Why would he lie?

22/12/2010 11:10

 

First hand account of violence from a client of WCCC.

 

We had been dating for two months when the first incident happened. I was a virgin and he was very respectful that I did not want to sleep with him. In this time he did not force me to have sex, which really impressed me. I thought he was a very good man.

I knew he did not have a good past. But I felt like I was here to help him.

Sometimes I can’t believe that I have lived through this experience. I cannot believe that it is me who has made these decisions. But this has been my journey and I would like others to learn from it.

My father had died only a few days beforehand. I turned up to his house in my van with an envelope with the money for my father’s funeral in it – thousands of Pa’angas.  He offered me a drink while we were talking. – I only had one, but I got so drunk that I completely blacked out and woke up hours later feeling strange.  There were like five or six men drinking outside his house and he’s gone in my van with my purse with the money in it.

I usually drink and it takes a lot to get me drunk -  so it was very unusual that one drink would do this to me. I went outside and drank with his friends. He came back later and join us.  Later I noticed that the money had gone from my van.

His story for what happened is that I got very drunk and refused to have sex with him, and demanded that I have sex with his friends. Then he said I had sex with his friends while he went and bought the drinks.

I was unsure what to believe. Why would he lie? But as a virgin, I did not hurt at all from the sex that he said that I had. And just knowing myself, I couldn’t really believe that I would do this. It took time but I came to realise that he was lying about this situation.

This night has become a constant source of conflict for us. Every time he gets drunk or went out and drink kava tonga, came back home and I do not want to sleep with him, he brings it up as an example of how badly I have treated him. He never believes me that it is not true. It is exhausting. I don’t know why he wants to see me as a woman who has treated him so badly. It is mad. Sometimes I think he needs psychological help.

In our relationship it is as though he does not want me to be happy. Whenever I am with my family, who take very good care of me, and do not want me to even move or get up to clean my dishes, he gets angry. 

Often I do not want to have sex. I just don’t feel like it. He is very persistant. I get so tired from him asking and grabbing me. Sometimes before he goes out to kava I have sex with him because I know that when he comes home drunk he will wake me up to have sex, and I am tired and I just want to sleep. But when he comes home he still wakes me up. And if I do not want to have sex, he yells and screams at me about how I treated him that time, and insists that I must make up for it.  This is a form of violence. I feel trapped.

Sometimes he gets very crazy angry and he physically abuses me. He throws rocks at me, beats me with metal and sticks and anything he can get his hands on. He is careful to abuse me in areas that I can hide under clothes so people can not see. Sometimes though he has hit my face and given me black and bruised eyes. It is embarrassing that people can see how he treats me.

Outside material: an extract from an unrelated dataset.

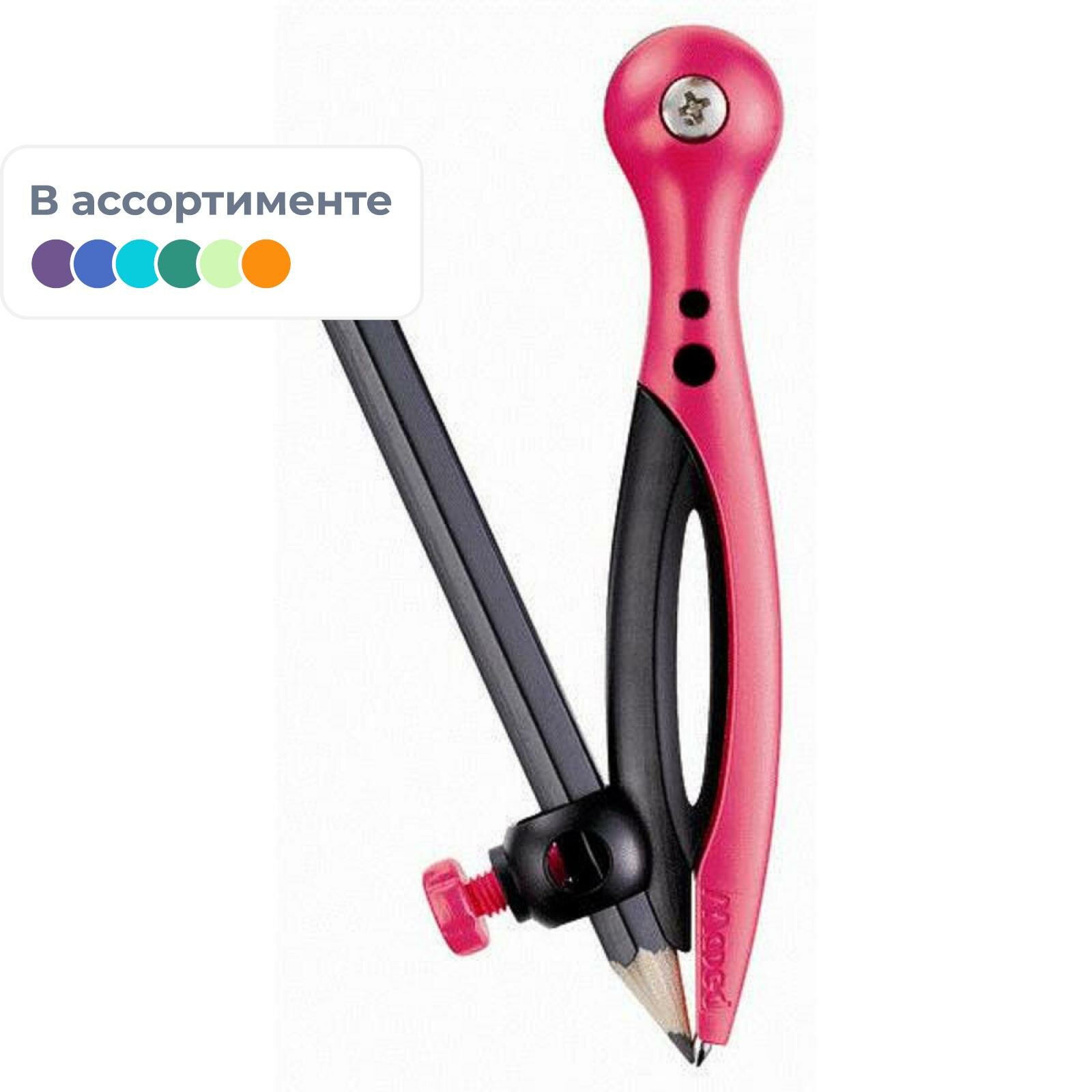 Циркуль с универсальным держателем. Материал циркуля: пластик со стекловолоконным усилением. Безопасная игла. В комплекте карандаш.

I have tried everything to get our relationship to work. We have a child together and I do not want my daughter growing up not in a happy environment. It has been two years, and this man will be involved in my life forever, living  through my daughter. I keep thinking that i see change in him, that he will not stay this way forever. But he keeps drinking and the behaviour never stops. For now I feel that we have made real progress in that he is starting to understand that the problem is with himself, not with me.

I got counselling from the Women and Children Crisis Centre. Whenever I want to end things with him, which I have tried to do many many times through our relationship, I know  its best to do it over the phone from the Crisis Centre, so that he can not hit me and hurt me with his words or beat me up. He has come in for joint counselling a few times – he lied in the counselling session and told them about what I had done to him. I was happy and grateful that the women counsellors at the Centre could see that this was a story made up to address his own insecurities. Talking and support has helped so much.

The last time he was totally out of control. He beat me at the bush and took me to the beach. He raped me in the backyard then took me to the graveyard. He shoved sticks in side me and caused me to bleed from the wounds caused by the stick pushed into my inner thighs. It started around 4pm and stopped when it was already dark. He used everything he could grab – a stem from a manioke tree, rocks, rods, the mirror he pulled off the car. These photos were taken almost a week after this incident – I came into the centre to get documentation of my case. I wished they could see the injuries straight after they happened.

 

I do not want to go to the Police, or to go through the court system. I am scared to give him reasons to hurt the rest of my family. I want things to be resolved peacefully. 

 

My advice to other women – ask for help as soon as you have any indication that he does not want you to be happy. The sooner you address it the better – it only gets harder and worse the longer you have been together. It will make you feel much much better even when you talk about your problem in the process.  Come to the crisis centre – they understand and will help you work out what you want to do to make the situation better.